Exercise directions: Using the data below, set down every line from the one containing "刺繍ステッカーワッペン きのこ(19)ドット ゆめかわピンク" through the one containing "Gigantism is common", inclusive and unchanged. Pictures are to be skipped.

Material for the task:
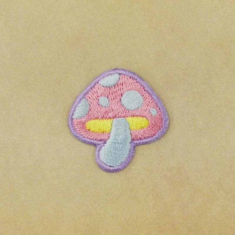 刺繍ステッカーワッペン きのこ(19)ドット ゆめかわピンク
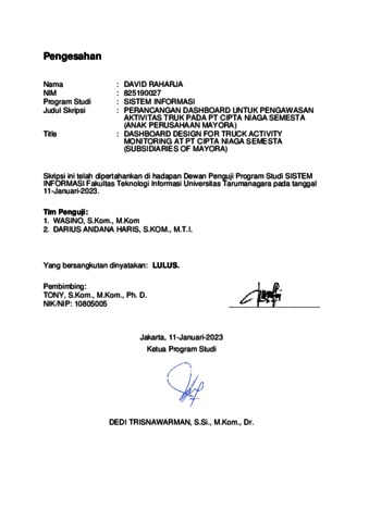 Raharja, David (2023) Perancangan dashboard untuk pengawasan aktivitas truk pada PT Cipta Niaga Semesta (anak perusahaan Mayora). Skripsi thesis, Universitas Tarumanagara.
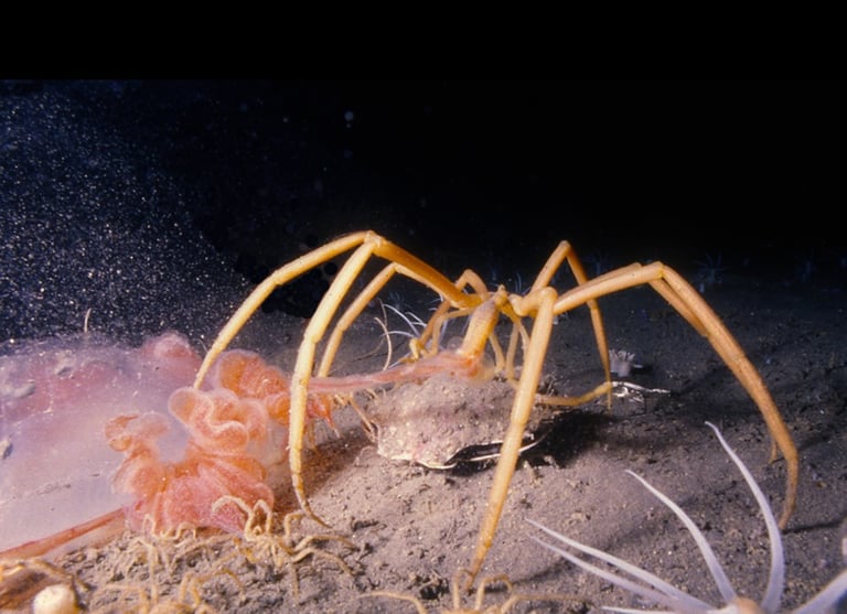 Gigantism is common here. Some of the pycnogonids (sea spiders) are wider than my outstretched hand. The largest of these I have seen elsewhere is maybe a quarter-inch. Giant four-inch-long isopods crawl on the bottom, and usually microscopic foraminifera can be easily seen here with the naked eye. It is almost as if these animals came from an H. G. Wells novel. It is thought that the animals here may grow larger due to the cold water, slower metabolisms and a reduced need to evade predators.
--
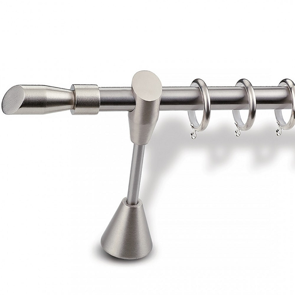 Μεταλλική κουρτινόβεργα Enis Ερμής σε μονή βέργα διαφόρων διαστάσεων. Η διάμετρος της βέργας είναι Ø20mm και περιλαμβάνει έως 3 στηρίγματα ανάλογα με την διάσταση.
...
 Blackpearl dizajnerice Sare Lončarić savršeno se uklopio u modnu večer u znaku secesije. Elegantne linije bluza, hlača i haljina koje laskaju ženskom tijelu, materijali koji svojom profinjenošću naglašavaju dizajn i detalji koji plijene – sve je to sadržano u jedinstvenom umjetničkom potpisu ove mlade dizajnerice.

Result for this exercise:
 刺繍ステッカーワッペン きのこ(19)ドット ゆめかわピンク
 Raharja, David (2023) Perancangan dashboard untuk pengawasan aktivitas truk pada PT Cipta Niaga Semesta (anak perusahaan Mayora). Skripsi thesis, Universitas Tarumanagara.
 Gigantism is common here. Some of the pycnogonids (sea spiders) are wider than my outstretched hand. The largest of these I have seen elsewhere is maybe a quarter-inch. Giant four-inch-long isopods crawl on the bottom, and usually microscopic foraminifera can be easily seen here with the naked eye. It is almost as if these animals came from an H. G. Wells novel. It is thought that the animals here may grow larger due to the cold water, slower metabolisms and a reduced need to evade predators.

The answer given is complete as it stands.